How to complete this task:
Reproduce, exactly and in full, the lines from the one with "This image shows" through the one with "地区ごとに集まり、安全に登下" in the data below; drop pictures.

=== Supplied material ===

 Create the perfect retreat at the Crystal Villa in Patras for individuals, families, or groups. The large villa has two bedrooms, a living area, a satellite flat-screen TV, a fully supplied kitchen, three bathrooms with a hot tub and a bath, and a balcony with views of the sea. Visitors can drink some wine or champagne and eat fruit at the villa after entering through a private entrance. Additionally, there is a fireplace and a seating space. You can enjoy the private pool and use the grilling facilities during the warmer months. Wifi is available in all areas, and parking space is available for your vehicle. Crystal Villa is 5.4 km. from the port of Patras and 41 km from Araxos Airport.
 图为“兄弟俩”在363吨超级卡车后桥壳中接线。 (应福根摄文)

===
=== Supplied material ===

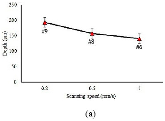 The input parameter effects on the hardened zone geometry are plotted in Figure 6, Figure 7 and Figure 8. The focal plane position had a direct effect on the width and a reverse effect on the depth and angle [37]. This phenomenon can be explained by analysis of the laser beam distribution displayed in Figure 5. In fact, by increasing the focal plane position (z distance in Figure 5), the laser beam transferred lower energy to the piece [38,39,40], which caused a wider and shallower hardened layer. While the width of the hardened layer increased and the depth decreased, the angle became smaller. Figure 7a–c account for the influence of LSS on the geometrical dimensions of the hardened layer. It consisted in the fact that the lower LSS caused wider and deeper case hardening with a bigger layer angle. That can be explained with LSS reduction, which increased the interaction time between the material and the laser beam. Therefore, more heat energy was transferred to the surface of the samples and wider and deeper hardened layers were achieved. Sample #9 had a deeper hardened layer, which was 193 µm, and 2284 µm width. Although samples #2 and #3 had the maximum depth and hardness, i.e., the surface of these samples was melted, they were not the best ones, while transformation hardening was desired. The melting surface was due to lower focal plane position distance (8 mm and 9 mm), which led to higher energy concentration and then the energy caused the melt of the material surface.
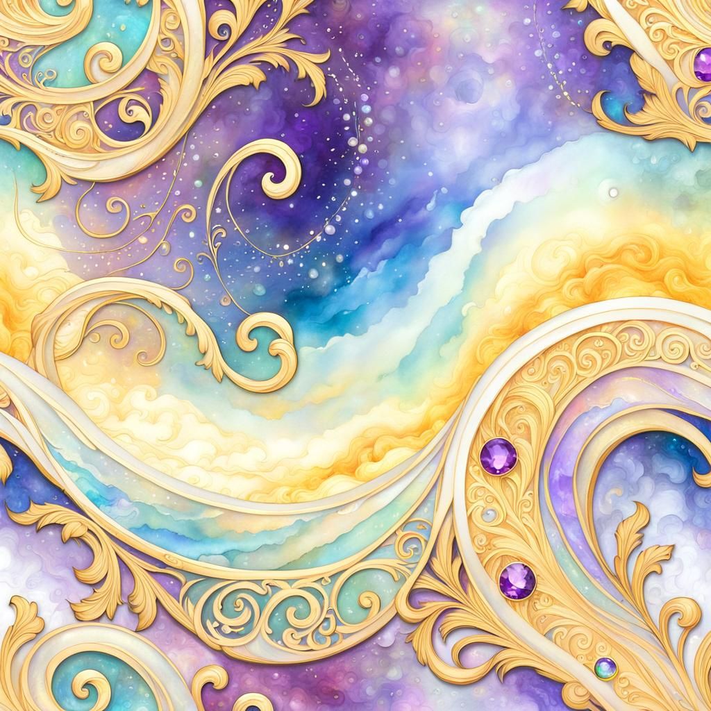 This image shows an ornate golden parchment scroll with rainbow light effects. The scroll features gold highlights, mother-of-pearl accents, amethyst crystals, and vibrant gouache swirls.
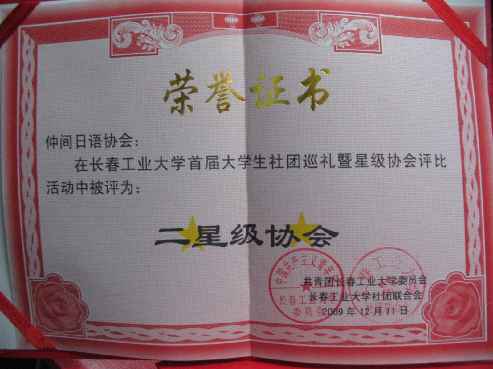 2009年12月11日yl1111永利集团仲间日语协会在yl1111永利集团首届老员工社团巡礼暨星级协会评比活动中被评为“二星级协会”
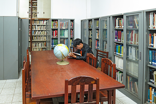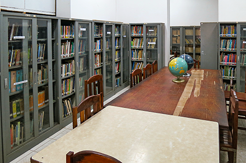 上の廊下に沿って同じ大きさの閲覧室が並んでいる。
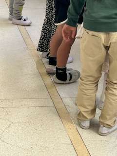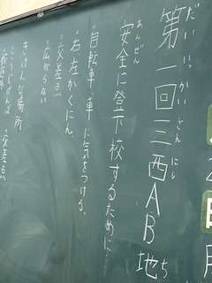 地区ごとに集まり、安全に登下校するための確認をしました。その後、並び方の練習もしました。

===
=== Supplied material ===

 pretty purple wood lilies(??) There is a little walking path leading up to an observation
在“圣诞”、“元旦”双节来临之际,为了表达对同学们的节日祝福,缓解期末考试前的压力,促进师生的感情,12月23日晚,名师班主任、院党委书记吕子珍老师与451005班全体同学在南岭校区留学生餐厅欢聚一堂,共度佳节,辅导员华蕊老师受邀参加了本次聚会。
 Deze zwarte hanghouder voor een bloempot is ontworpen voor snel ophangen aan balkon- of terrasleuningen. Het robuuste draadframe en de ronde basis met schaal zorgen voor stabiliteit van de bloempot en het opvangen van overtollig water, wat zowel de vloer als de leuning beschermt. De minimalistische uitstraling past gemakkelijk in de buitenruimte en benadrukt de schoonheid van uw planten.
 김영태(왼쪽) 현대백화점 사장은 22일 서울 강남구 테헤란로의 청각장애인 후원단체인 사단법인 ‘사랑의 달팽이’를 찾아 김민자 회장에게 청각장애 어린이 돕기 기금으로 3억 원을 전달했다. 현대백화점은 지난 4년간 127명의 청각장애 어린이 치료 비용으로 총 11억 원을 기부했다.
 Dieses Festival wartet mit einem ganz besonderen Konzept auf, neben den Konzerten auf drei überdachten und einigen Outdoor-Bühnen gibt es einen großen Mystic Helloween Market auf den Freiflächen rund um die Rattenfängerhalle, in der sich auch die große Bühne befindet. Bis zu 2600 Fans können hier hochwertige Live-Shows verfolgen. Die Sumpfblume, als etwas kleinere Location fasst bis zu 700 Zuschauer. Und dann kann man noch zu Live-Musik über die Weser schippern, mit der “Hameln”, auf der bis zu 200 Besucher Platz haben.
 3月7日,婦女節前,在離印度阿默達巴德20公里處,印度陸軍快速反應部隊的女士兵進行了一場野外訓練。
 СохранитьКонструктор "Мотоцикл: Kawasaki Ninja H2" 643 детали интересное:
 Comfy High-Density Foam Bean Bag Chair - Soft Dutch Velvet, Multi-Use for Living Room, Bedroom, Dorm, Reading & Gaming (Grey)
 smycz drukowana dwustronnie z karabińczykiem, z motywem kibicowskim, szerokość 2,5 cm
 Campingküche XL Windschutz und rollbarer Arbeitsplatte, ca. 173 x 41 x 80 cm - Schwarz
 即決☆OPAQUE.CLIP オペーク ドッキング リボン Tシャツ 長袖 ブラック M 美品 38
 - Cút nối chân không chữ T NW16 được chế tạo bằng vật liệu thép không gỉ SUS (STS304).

===

Your response:
 This image shows an ornate golden parchment scroll with rainbow light effects. The scroll features gold highlights, mother-of-pearl accents, amethyst crystals, and vibrant gouache swirls.
 2009年12月11日yl1111永利集团仲间日语协会在yl1111永利集团首届老员工社团巡礼暨星级协会评比活动中被评为“二星级协会”
 上の廊下に沿って同じ大きさの閲覧室が並んでいる。
 地区ごとに集まり、安全に登下校するための確認をしました。その後、並び方の練習もしました。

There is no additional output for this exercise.